The pool itself never creates slots — that's the spawner / refiller agent's job. The pool just tracks state and serves claims FIFO. This keeps WarmPool synchronous, lock-free, and easy to test (every state transition produces a new immutable PoolSlot).

Pool stats are available via pool.stats() ({ready, claimed, expired, total}) and pool.available_roles() for dashboards.


When the pool is empty

Spawn proceeds on the cold path. There is no blocking, no retry, no "please wait while we provision a slot". Two consequences:

  • Cold spawns are still safe. A pool miss is just a missed optimization, not an error.
  • Bursts erode the pool fast. Five steps in one stage with roles: [backend] and max_slots: 3 will hit the pool twice and then cold-spawn three. Refill happens in the background between ticks.
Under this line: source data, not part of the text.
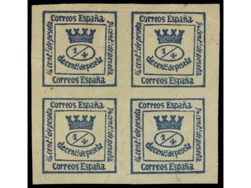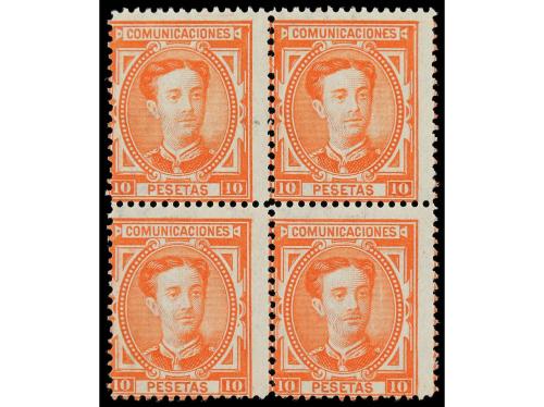 ** ESPAÑA. Ed. 174/7 y 179/82 (4). SERIE COMPLETA a falta del 40 cts. en bloques de cuatro. Rara sin fijasellos. Cat. +1.600€.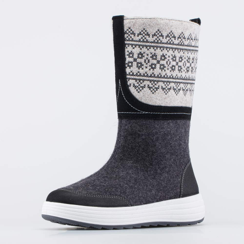 Валенки выполнены из плотного натурального войлока (100% овечья шерсть), который обладает водоотталкивающими свойствами, дышит и создаёт приятный микроклимат вокруг стопы. Пяточная часть защищена от влаги и реагентов кожаной накладкой с ПУ-напылением.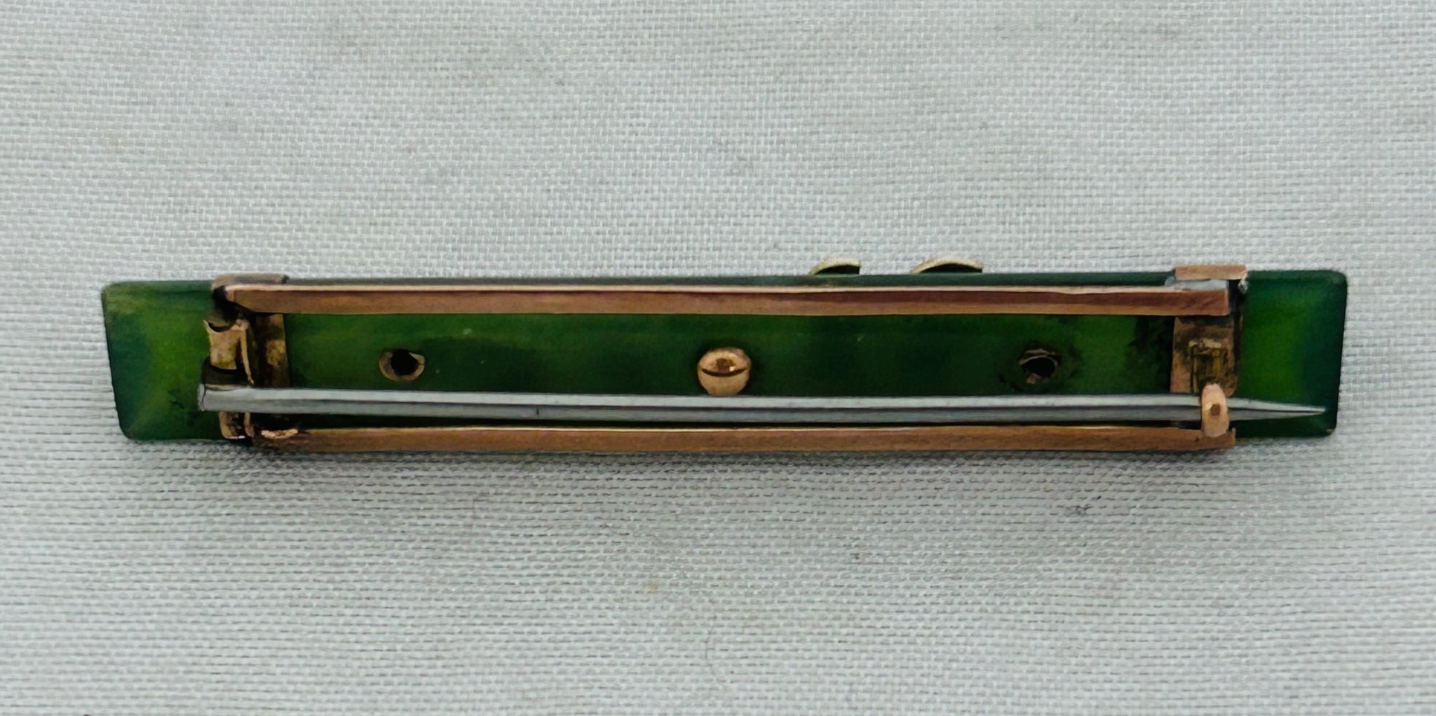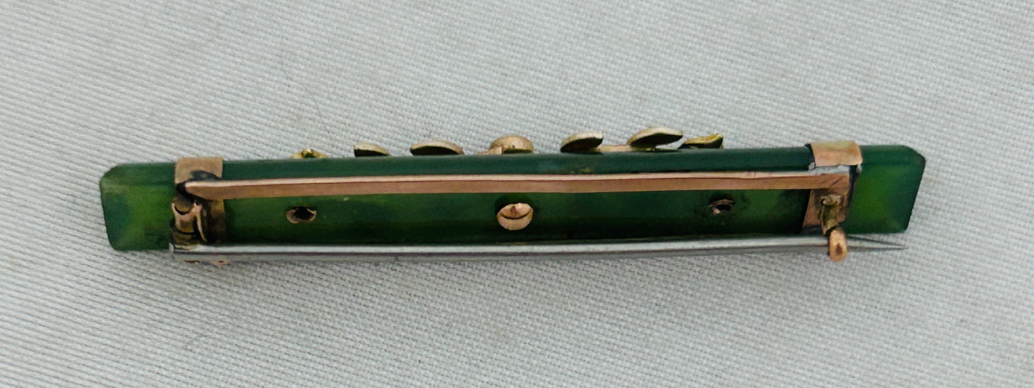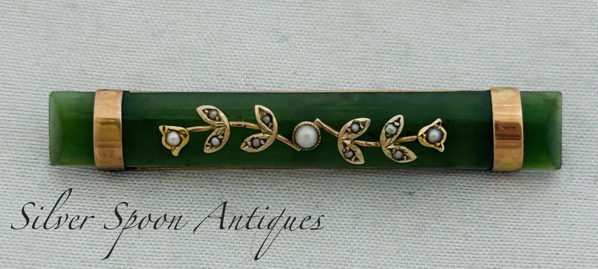 A sweet little brooch, it is made up of greenstone set with gold and some seed pearls in a floral decoration. It is in good condition.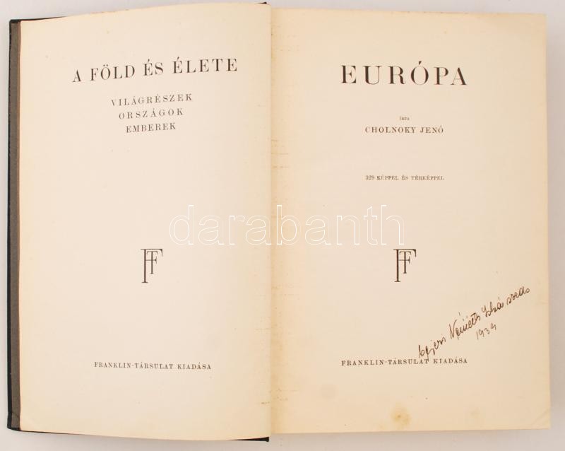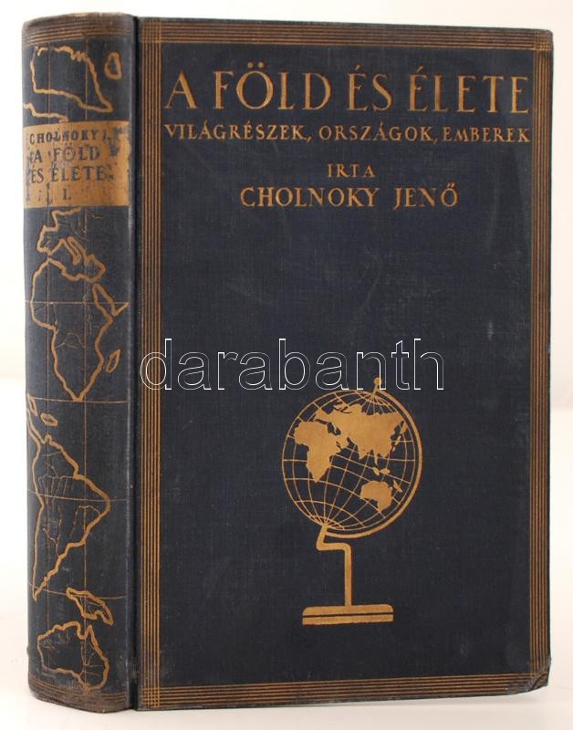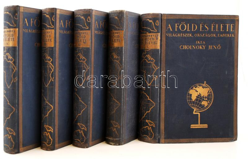 Cholnoky Jenő: A Föld és élete I-V. kötet.Gazdag képanyaggal. Egységes, kissé kopottas kiadói egészvászon-kötésben. Csak az V. kötetben van térkép.

If you see consistent miss rates in logs (logger.info("Using warm pool slot %s...") versus worktree_mgr.create() calls), bump max_slots and add the missing roles to warm_pool.roles.


Resource cost

Each ready slot is a live git worktree plus optionally a live MCP server process. Concrete costs:

  • Disk: roughly 1 worktree-worth per slot. Hardlinked under .sdd/worktrees/, so disk usage scales with how much your build produces, not the repo size itself.
  • Inodes: significant on shallow filesystems with low inode budgets (CI runners). Watch this on Alpine-based images.
  • Memory / processes: only if you start MCP servers per slot — otherwise zero RAM cost while idle.
  • Branch state: each worktree owns a checked-out branch; you may see extra entries in git worktree list. Reaping stale slots prunes these.

Trade-off: slots cost real disk to save real seconds. Three slots is the default sweet spot.


When to disable

The pool is opt-in. Skip the warm_pool: config block (or set max_slots: 0) when:

  • Every spawn already eats hours. The 5–15 s saving is rounding error in long agentic runs.
  • You are debugging the spawner. Determinism beats speed here — cold-path spawns are easier to reason about under a debugger.
  • CI / ephemeral envs. On a fresh runner you'll never amortise the pool fill. Run cold.
  • Tight disk budget. Each slot is a worktree; if you're already flirting with disk-full, deny yourself the optimisation.
  • Unusual roles. If most spawns are for one-off roles not listed in warm_pool.roles, the pool will sit empty anyway. Either expand the role list or disable.

Re-enabling is just adding the config section back; no migration cost.


Code pointers

Concern File
Pool data structures + state machine src/bernstein/core/agents/warm_pool.py
YAML config loader src/bernstein/core/agents/warm_pool.py:235-303 (load_warm_pool_config)
Spawner integration (claim) src/bernstein/core/agents/spawner_core.py:1591-1616
Spawner integration (release) src/bernstein/core/agents/spawner_core.py:1038-1043, :1947
Routing helper that picks model tier per slot src/bernstein/core/agents/spawner_warm_pool.py
Merge / reap path src/bernstein/core/agents/spawner_merge.py:125-...

See also: state-persistence.md for the .sdd/worktrees/ layout each slot writes into; adaptive-parallelism.md for the related controller that decides how many agents to run at once (the warm pool sizes the latency curve, adaptive parallelism sizes the width).